In 2015, Orchard became a Team Leader, first for the Molecular Interaction team and then in 2017 for UniProt, focusing on protein function content and working closely with her counterpart – Maria Martin, who coordinates protein function development – and with Alex Bateman, Senior Team Leader for protein sequence resources.
Some of Orchard’s proudest moments came from those early collaborations, including the official completion of the human proteome in 2008: “It was exhausting for those working on human entries, but it felt like we’d achieved something monumental.”
Another highlight was helping to build IntAct, EMBL-EBI’s open data resource for molecular interaction data. “My colleague Henning Hermjakob had sketched it out on paper. I entered the first curated data into IntAct, and wrote the first curation manual for it – two pages of A4. It’s now about 90 pages long,” she said. She also initiated work on the Complex Portal, a reference resource of protein complexes.

In 2023, Sandra Orchard received the Lifetime Achievement Award for exceptional contributions to biocuration from the International Society for Biocuration. This is a fitting recognition of the critical part she played in developing open data resources and data standards, and of the impact of her scientific contributions.
Here, in her own words, are some of the memories and lessons that Orchard is taking away from her 20+ years at EMBL-EBI, along with some valuable advice for young researchers.
Pioneering standards in proteomics
“I was walking down a corridor when Rolf Apweiler, who was leading UniProt at the time, poked his head out the door and asked me to take the minutes at a meeting. That impromptu assignment became the start of the Proteomics Standards Initiative (PSI), launched under the Human Proteome Organisation (HUPO).”
“Those first meetings about proteome standards were intense – 60 people crammed into two small rooms with no air conditioning, during an unusually hot April. But everyone agreed that standardisation was essential if proteomics was going to progress.”
“More than two decades later, the HUPO-PSI and related initiatives underpin essential resources like PRIDE, ProteomeXchange, and IMEx, ensuring that proteomics data can be reused around the world. Persuading scientists to use data standards is still an ongoing effort, but a worthwhile one.”
“People feel passionate and protective about their work – and rightly so.
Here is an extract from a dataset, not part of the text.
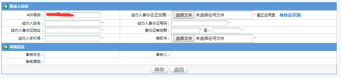 已經(jīng)開通400電話客戶如何修改經(jīng)辦人聯(lián)系手機(jī)號(hào)碼品牌:卓誠(chéng)通訊 關(guān)鍵字:400電話辦理 日期:2018.12.12 閱讀:5129次 來自:http://m.intel-intel.cn 編輯:陳婷 運(yùn)營(yíng)商及工信部對(duì)400電話辦理及后期維護(hù)的資料要求越來越嚴(yán)格,但是這樣對(duì)于我們400電話服務(wù)商來說,加大了很多工作量,比如現(xiàn)在就遇到一些比較繁瑣的事情,就比如說客戶經(jīng)辦人已經(jīng)離職了,但是號(hào)碼一些繳費(fèi)提醒,漏電提醒,號(hào)碼使用情況都是發(fā)到之前那個(gè)經(jīng)辦人手機(jī)號(hào)碼上面,這樣給客戶造成很大的損失,但是400電話不斷再打擊詐騙電話,積極配合工信部做實(shí)名制認(rèn)證,綁定號(hào)碼認(rèn)證,繳費(fèi)延期電話回訪各個(gè)方面都不能忽略。

In my experience, when developing standards, the devil is in the details, but you can usually find a compromise. It helps to have plenty of tea breaks and cake to keep everyone amenable.”

On AI and the future of biocuration
“Tools like text mining have improved enormously, even before the latest AIs came along. Now AI is highlighting just how important biocuration is – because AI systems can’t learn without curated data.”
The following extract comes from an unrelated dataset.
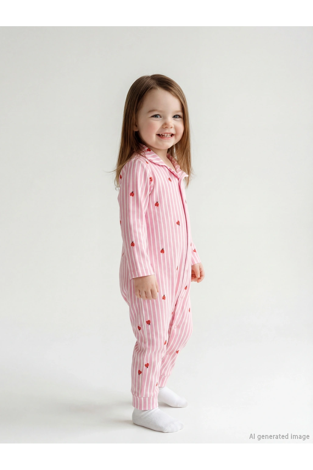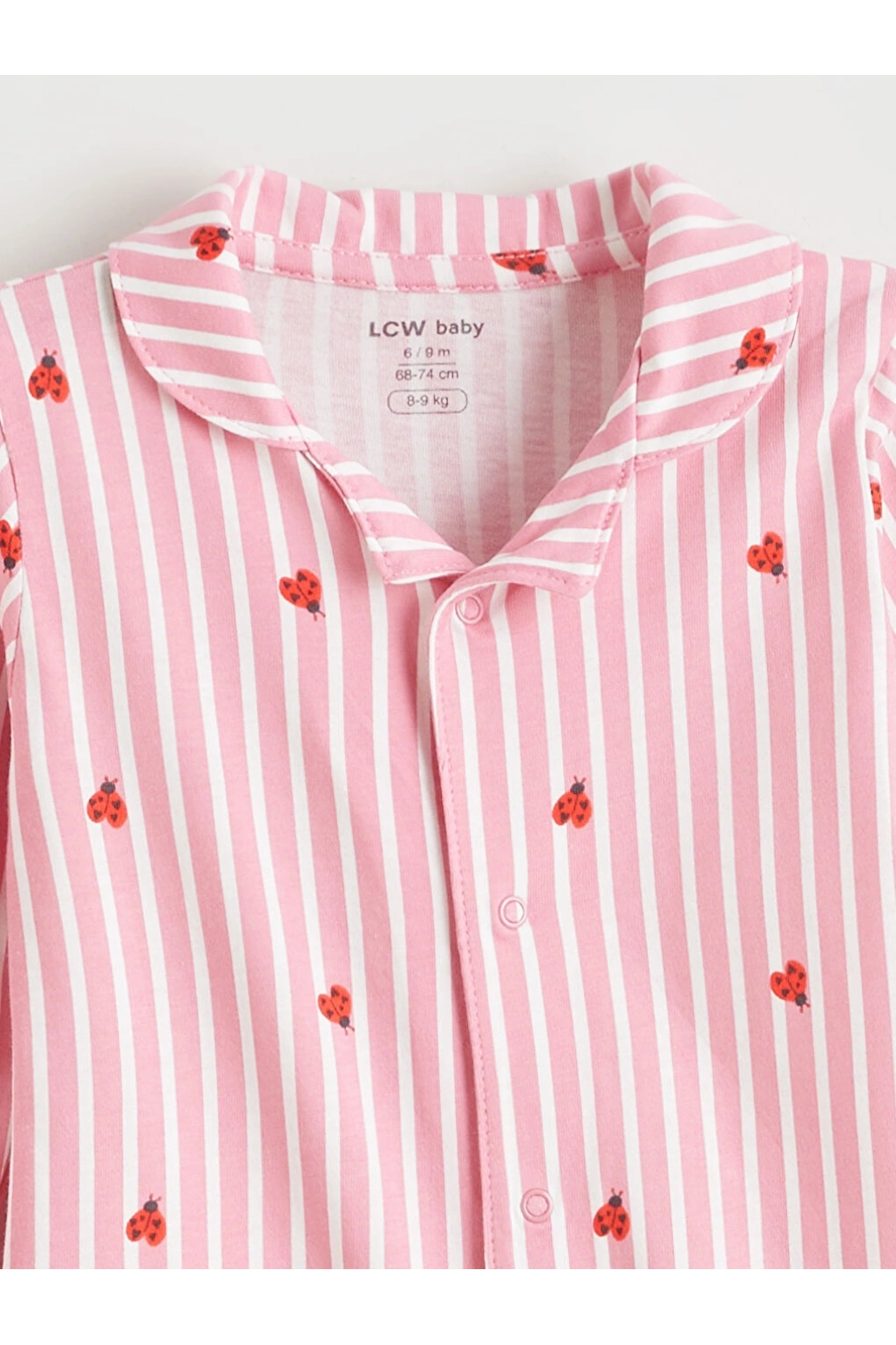 LCW baby Ekru Gömlek Yaka Uğur Böceği Baskılı Kız Bebek Tulum

“Humans are still essential in biocuration. Scientists tell stories in papers, and sometimes the data are secondary. We need people who can understand the leaps a scientist makes when writing a paper, and fill in the gaps.”
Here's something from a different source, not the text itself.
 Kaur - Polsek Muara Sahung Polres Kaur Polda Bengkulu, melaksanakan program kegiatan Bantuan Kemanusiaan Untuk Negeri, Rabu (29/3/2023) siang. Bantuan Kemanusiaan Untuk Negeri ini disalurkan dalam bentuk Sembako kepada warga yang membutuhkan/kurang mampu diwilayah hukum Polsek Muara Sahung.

“In ten years, AI is likely to be taken for granted and deeply integrated into scientific workflows. Although biocuration is critical, it’s still an unsung hero of data-driven biology, and difficult to get funding for.”

Words of advice
“To young scientists, I would say get as much varied experience as you can and don’t skip the bench work.”
“We need to secure sustainable funding for the core resources that the global scientific community relies on. Start new databases by all means, but we need to make sure we support the ones that the research community already depend upon.”
“We’ve built something extraordinary at EMBL-EBI: resources that the world depends on. We need to keep that going even when geopolitics becomes more fragmented.”